Exercise directions:
In the copy, keep every word of the data below and none of its pictures.

Given data:
++++++++++
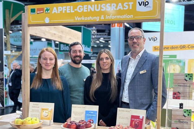 "Prendere parte a questa fiera di settore è per noi da sempre importante, e oggi lo è ancora di più. La raccolta 2023 ha registrato un +20% dei volumi di mele biologiche rispetto al 2022, ma parallelamente i principali competitor in Italia e in Europa hanno subìto un calo dei raccolti, ponendoci in una situazione molto favorevole" commenta il product manager Bio di VIP Gerhard Eberhöfer (nella foto qui sotto a sinistra).
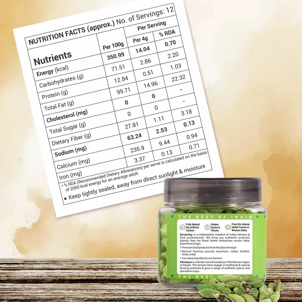 Distinctive Flavor & Aroma: KisaanSay Idukki Cardamom is celebrated for its rich and distinctive flavor profile. It enhances the taste of a variety of dishes and beverages, adding a unique and aromatic touch.
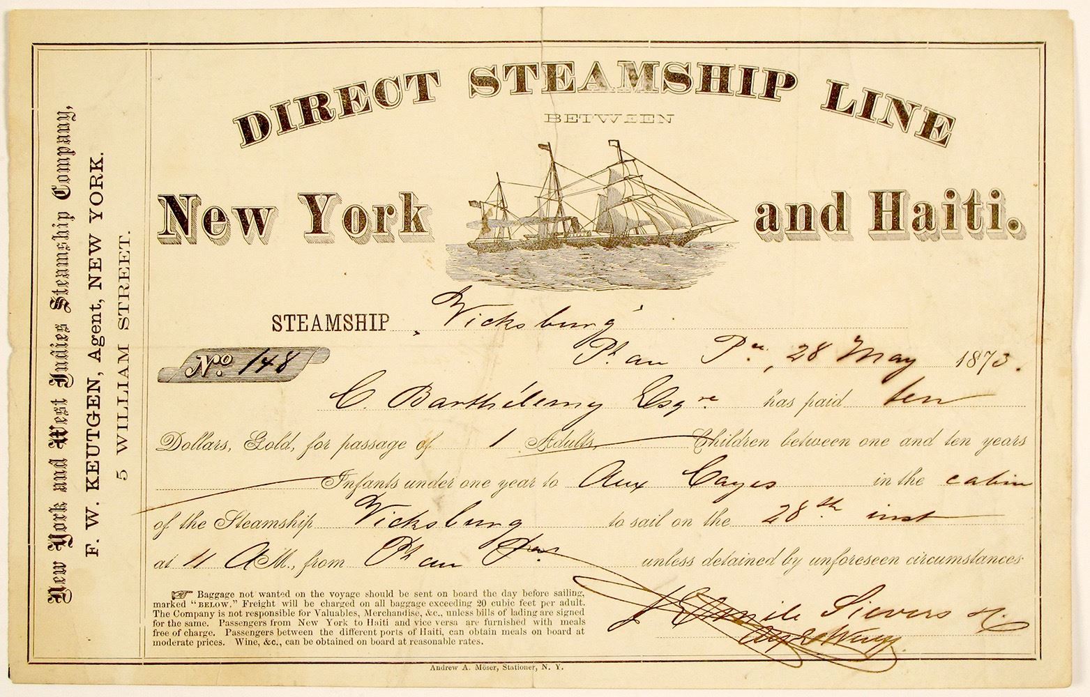 "Direct Steamship Line Between New York & Haiti." Pictorial receipt for passage on the Steamship Vicksburg, dated May 28, 1875. For passage to Aux Cayes. Printed by Andrew A. Moser, NY. 5.75" x 9.25" Folds, 2 inch tear. (Prag Collection) Date: Location: New York, New York HWAC # 54595
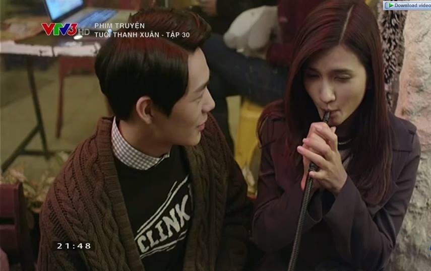 | Hình ảnh Mai (Kim Tuyến) hút shisa xuất hiện trong tập 30 của Tuổi thanh xuân. |
++++++++++
Solution below:
 "Prendere parte a questa fiera di settore è per noi da sempre importante, e oggi lo è ancora di più. La raccolta 2023 ha registrato un +20% dei volumi di mele biologiche rispetto al 2022, ma parallelamente i principali competitor in Italia e in Europa hanno subìto un calo dei raccolti, ponendoci in una situazione molto favorevole" commenta il product manager Bio di VIP Gerhard Eberhöfer (nella foto qui sotto a sinistra).
 Distinctive Flavor & Aroma: KisaanSay Idukki Cardamom is celebrated for its rich and distinctive flavor profile. It enhances the taste of a variety of dishes and beverages, adding a unique and aromatic touch.
 "Direct Steamship Line Between New York & Haiti." Pictorial receipt for passage on the Steamship Vicksburg, dated May 28, 1875. For passage to Aux Cayes. Printed by Andrew A. Moser, NY. 5.75" x 9.25" Folds, 2 inch tear. (Prag Collection) Date: Location: New York, New York HWAC # 54595
 | Hình ảnh Mai (Kim Tuyến) hút shisa xuất hiện trong tập 30 của Tuổi thanh xuân. |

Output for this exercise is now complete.